RAWA is also working in Afghani refuge camps in Pakistan, where they are
providing food, health care and schooling.
They are also working to foster democratic institutions of governance in
the refugee camps, creating a model of what a liberated Afghanistan may look
like. Such work is not without its
risks, as Taliban supporters in Pakistan pose an ever-present threat to RAWA
women.
Equal
Opportunity Resistance
Since their formation in 1979, RAWA resisted the Soviet backed Afghani
government, the Soviet occupation of Afghanistan, the CIA backed Mujahideen
fighters, the Northern Alliance occupation of Kabul, and finally, the Taliban.
Lately, they’ve been traveling the world, actively opposing the US air
strikes on Afghanistan. With the same horrific eloquence they used to describe
the Taliban’s “medievalist” scourge, they’re now penning testimony about
the death and destruction of civilian homes in the wake of US air strikes.
They’re also frightened of the prospect of the Northern Alliance
retaking Afghanistan’s population centers, repeating the holocaust of rape and
murder they reined upon Kabul during their occupation of that city from 1992
through 1996. This week they
decried the US support of the Alliance, arguing that it has “plunged our
people into a horrific concern and anxiety in fear of re-experiencing the
dreadful happenings” suffered under Northern Alliance rule.
Their fears are certainly not without cause.
The Alliance is an unsavory crowd with a pretty dismal record on
women’s rights, which began when they took control of Kabul and banned women
from media and government jobs. Within
two years they forced women from all jobs, throwing many into dire
poverty. It was the Alliance,
during this period, and not the Taliban, who first required women to wear
full-length burqas, covering themselves from head to toe.
Women who didn’t comply were beaten, murdered or raped.
Alliance Style
Gendercide
Things are no better with the Alliance today. Their “Deputy Premier,” Abdul Rasul Sayyaf, reportedly has taken the Taliban perversion of Islamic laws regarding women to a new level, arguing that men should not even “speak” with women. Their recently assassinated commander, Ahmed Shah Massood, now canonized in the American Media, led organized rampages with his fighters systematically raping women belonging to the rival Hazara ethnic group.

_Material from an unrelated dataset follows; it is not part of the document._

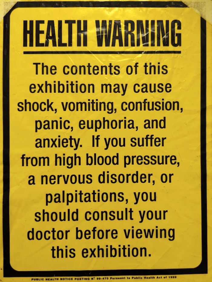 Brooklyn Museum of Art, Sensation Exhibition, “Health Warning” Signage, Brochure, Information Sheet, Ticket & Newspaper Clippings, 1999

Put simply, the women of RAWA have reason to be concerned.
While the US has politically capitalized on the plight of Afghani women,
using their torment as evidence of the brutality of the Taliban regime, they
have made no effort to include RAWA or any other Afghani women’ group in
planning for a post-Taliban Afghani society.
Today the name Taliban is synonymous with misogyny and the oppression of
women. Industrialized western
democracies, despite their own horrific rates of domestic violence and rape,
self-righteously define their opposition to the Taliban as a human rights
imperative. The Taliban is evil and
we represent righteousness. For the
US, this revisionism omits our role in creating the Mujahideen and the Taliban,
and in effect, causing the current cataclysmic oppression of women in
Afghanistan. It also ignores the
fact that as recently as July, we still attempted to curry political favor with
the Taliban. Had they turned over
bin Laden, in fact, we might never have opposed them.
Our sudden feminism is shallow and reeking of hypocrisy.
If our little war puts the Northern Alliance back into power, our complicity in the decade old war against Afghani women will be unforgivable. We can’t let this happen. Our botched policies in Afghanistan have caused enough suffering for Afghani women. Now that we’re back on the Afghani political landscape we shouldn’t repeat our mistakes. The women of Afghanistan and groups such as RAWA must be consulted as this war continues and must be included as major players in any post-war Afghani government.